That quote is from chapter 4 of the Bhagavad Gita as told by the great 20th century spiritual leader and civil rights activist Mahatma Gandhi. We encounter another avatar of Vishnu in the supposed last words of Gandhi, featured as an epitaph on his tombstone, “He Ram.” Meaning “Oh God,” “He Ram” refers to Rama, the avatar, king of Ayodhya, and the hero of the Hindu epic Ramayana. The Ramayana tells the tale of Rama as he battles the ten-headed Rakshasa demon Ravana, who has kidnapped Rama’s wife Sita. Ravana had become too powerful, ruling over the heavens, the earth, and the netherworld, invulnerable to all living and celestial beings, except man and animals. He was an arrogant and destructive ruler harboring evildoers. As the divine preserver of dharma, Vishnu promised to defeat Ravana on Earth manifesting as the human prince Rama, while his divine consort, Lakshmi, took birth as his future spouse Sita. Throughout his life as a man on Earth, his true identity and destiny were known by none, but himself and a few great sages.

Chronologically, Rama and Krishna are the 7th and 8th avatars of Vishnu, according to the list of ten avatars. [3] The 9th and most recent avatar is sometimes considered to be Buddha, also known as Gautama or Shakyamuni. That’s especially interesting, because, we usually encounter Buddha in, um, Buddhism, not Hinduism, but this is wonderfully exemplary of Hinduism’s traditional acceptance and incorporation of world religions. As opposed to “There’s only one god and I’m right and you’re wrong.” You could look at this as an expression of the core belief held by some that all of the many divinities of the world are extensions of a singular supreme divine force. Buddha as an avatar of Vishnu, who primarily promoted non-violence, or ahimsa, is still a popular belief among a number of modern Vaishnava Hindu organizations, including the West’s particularly recognizable, although modestly sized Hare Krishna movement. [4] Alternatively, some scholars have put forth the interpretation that Buddha as an avatar was an attempt to absorb this offshoot Buddhist heresy back into Hinduism. [5] There are always two sides to the coin.
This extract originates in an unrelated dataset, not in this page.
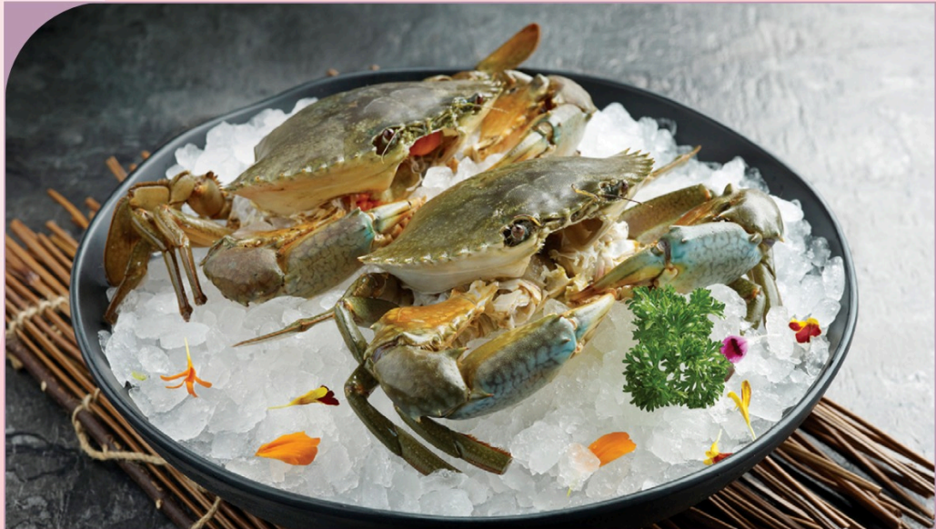
CUA SỐNG Live Crab
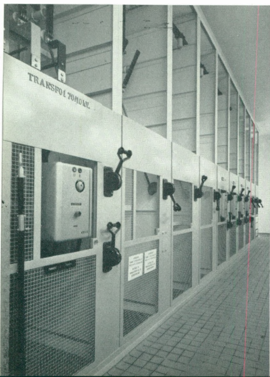
Zicht in de hoogspanningspost te Pittem.

Op woensdagvoormiddag 4 oktober bracht de groep een bezoek aan de haveninstallaties te Zeebrugge.

Beyond Rama, Krishna, and Buddha, two avatars of Vishnu that we frequently encounter in art are Vishnu’s incarnation as a boar or boar-headed man, Varaha, and the man-lion Narasimha. Varaha is skillfully represented on this 11th century sandstone sculpture from Rajasthan, India at the Art Institute of Chicago. When the Earth began to sink into the ocean under the burden of all the world’s evil and corruption, Vishnu manifested as the avatar Varaha and lifted the Earth personified here as the goddess Bhudevi. This work captures the moment when Varaha and Bhudevi fall in love. Varaha gazes fondly at Bhudevi as she gently lays her hand upon his snout. Down below, his left knee bent, he rests his foot upon a lotus. Beneath the lotus are two nagas, serpent deities, who symbolize the oceans from which Varaha has lifted the Earth. And Varaha and Bhudevi live happily ever after, so the story goes. In other representations of the story, we encounter the evil demon Hiranyaksha, who kidnapped the Earth and pulled her beneath the cosmic oceans. Varaha descended into the oceans to battle Hiranyaksha for 1000 years. Once victorious, we see Varaha raising the Earth from the water.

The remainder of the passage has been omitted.